EXERCISE PROMPT: Starting at the first line of the listing below, retype each line up to and including the one that contains "1.点击选择一个瓶子,将其顶". Leave pictures out.

+ + +

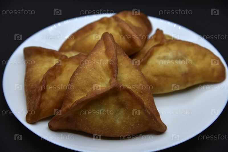Мясные пироги на белой тарелке. Беляши. Вкусные мясные пироги на черном фоне
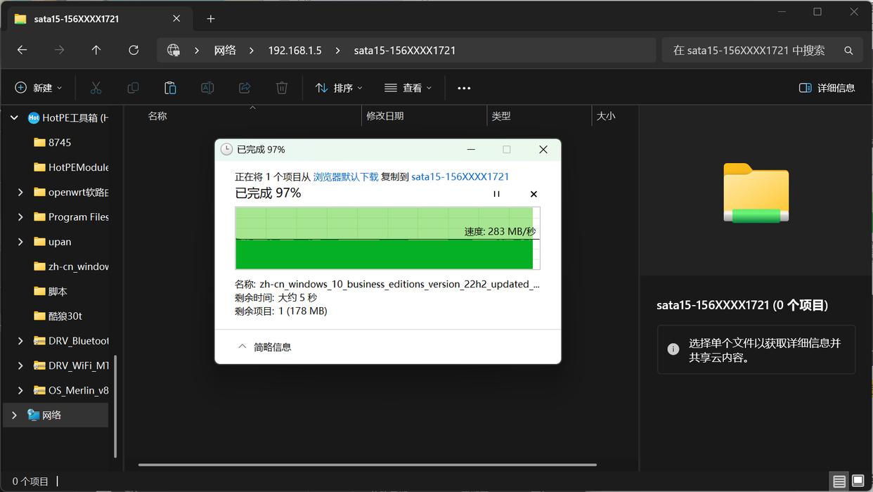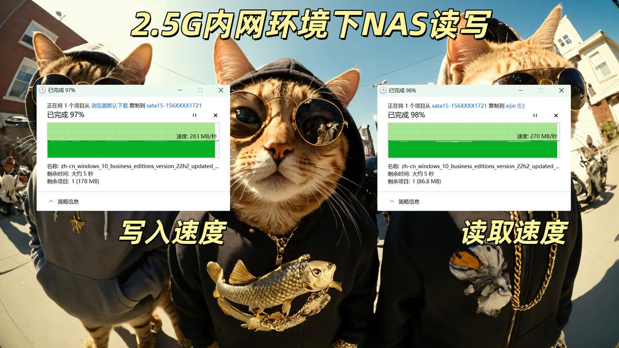 工作室的文件主要都存储在NAS中,所有人使用SMB挂载的方式来访问文件,网络为2.5G有线网络,日常拷贝工作的文件或者剪辑视频或者需要修改的图片都是通过挂载nas中文件夹的形式使用,在实际的多人使用负载测试中,写入峰值 283 MB/s,读取 270 MB/s,两条曲线几乎平直,全程无掉速。
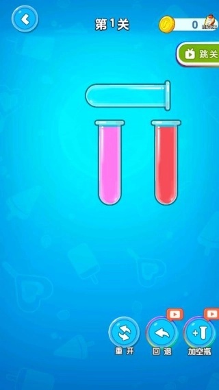 1.点击选择一个瓶子,将其顶部的液体拖拽倒入另一个瓶子,但只能倒入颜色相同且有空余容量的瓶子。
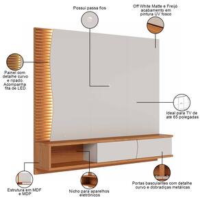 Seu design inovador apresenta um painel ondulado e ripado que traz dinamismo ao ambiente, enquanto as luzes de LED proporcionam um efeito visual acolhedor e sofisticado. Com uma estrutura robusta, o tampo e a base de 25mm garantem a resistência necessária para suportar seu entretenimento, enquanto as portas basculantes com detalhe curvado oferecem um toque de elegância e contribuem para manter o espaço organizado. Em outras palavras, esse painel suspenso foi desenhado para TVs de até 65 polegadas com instalação no painel, ou seja, é a solução perfeita para quem busca unir beleza e praticidade de forma harmônica.
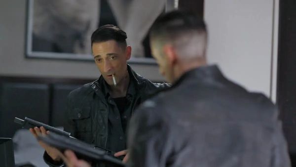 何とエイドリアン・ブロディが撃たれます。ボスは不敵に笑いますが、そのボスに息子は残りの全弾をぶち込みます。さらにエイドリアン・ブロディを再び撃とうとしますが、弾切れ。
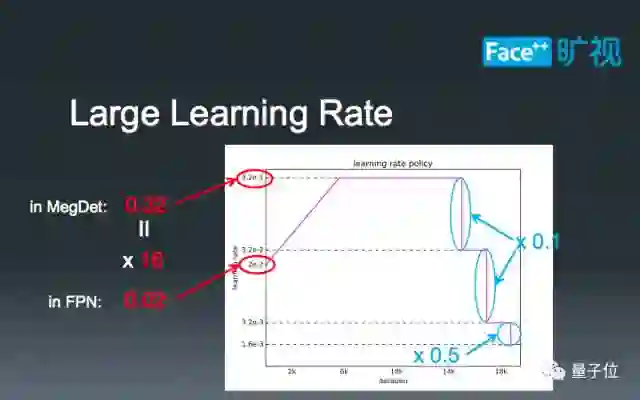 介绍一些在大Batch-Size下的学习率调参技巧。16-batch的FPN标准学习率是0.02, 而我们的MegDet的Batch-Size是256。在这种情况下,我们如果直接设定学习率为0.32=0.02 x 16,会导致模型早期迅速发散,无法完成训练。因此,我们需要有一个“逐步预热”的过程,让模型逐渐适应较大的学习率。当训练到一定阶段的时候,我们设定了三个下降阶段:在前两个阶段,我们直接将学习率除以10,最后再将学习率减半。这种学习率的设计主要是为了在比赛中取得极致性能,也是我们的经验所得。
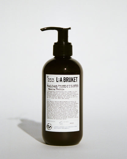 Rich in fatty acids, vitamins and minerals, it brings moisturizing and rejuvenating properties to the hair, leaving hair looking overall bouncier and shinier. It also heals hair ends, preventing them from dehydration and splitting. The Nettle leaf extract brings purifying properties and strengthens the hair fibre, whilst also regulating the sebum production of the scalp, effectively counteracting oiliness.
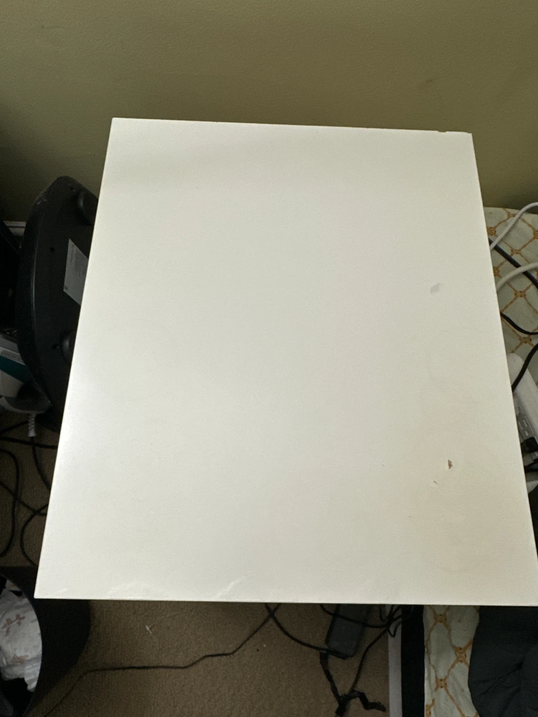 This is a white IKEA STORKLINTA nightstand with two drawers. It's 50x48x53 cm (19 5/8x18 7/8x20 7/8 "). It's a great addition for bedside storage.
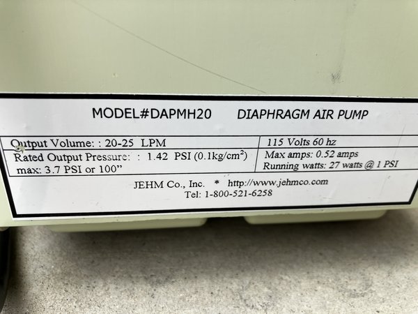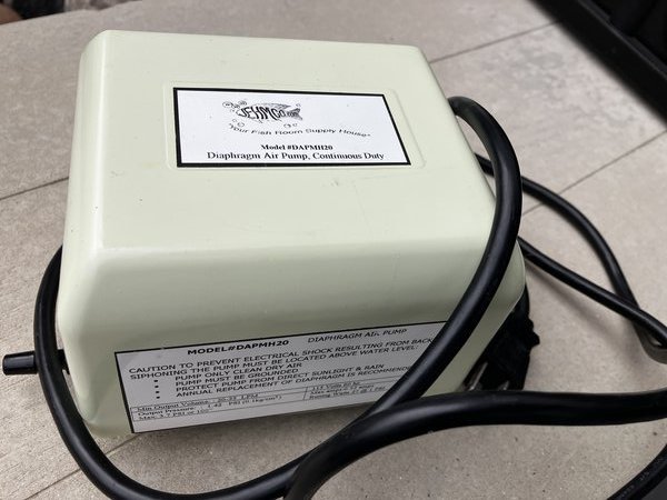 Brand new air pump from JEHMCO, which makes the best pumps in the industry. A quiet yet powerful (22W) central air pump in an all metal housing with exceptionally long diaphragm life, rated for 12 - 20 outlets (1/8 NPT outlet port). Retails for $109. Minimum set at $75.

+ + +

RESULT FOR THIS EXERCISE:
Мясные пироги на белой тарелке. Беляши. Вкусные мясные пироги на черном фоне
 工作室的文件主要都存储在NAS中,所有人使用SMB挂载的方式来访问文件,网络为2.5G有线网络,日常拷贝工作的文件或者剪辑视频或者需要修改的图片都是通过挂载nas中文件夹的形式使用,在实际的多人使用负载测试中,写入峰值 283 MB/s,读取 270 MB/s,两条曲线几乎平直,全程无掉速。
 1.点击选择一个瓶子,将其顶部的液体拖拽倒入另一个瓶子,但只能倒入颜色相同且有空余容量的瓶子。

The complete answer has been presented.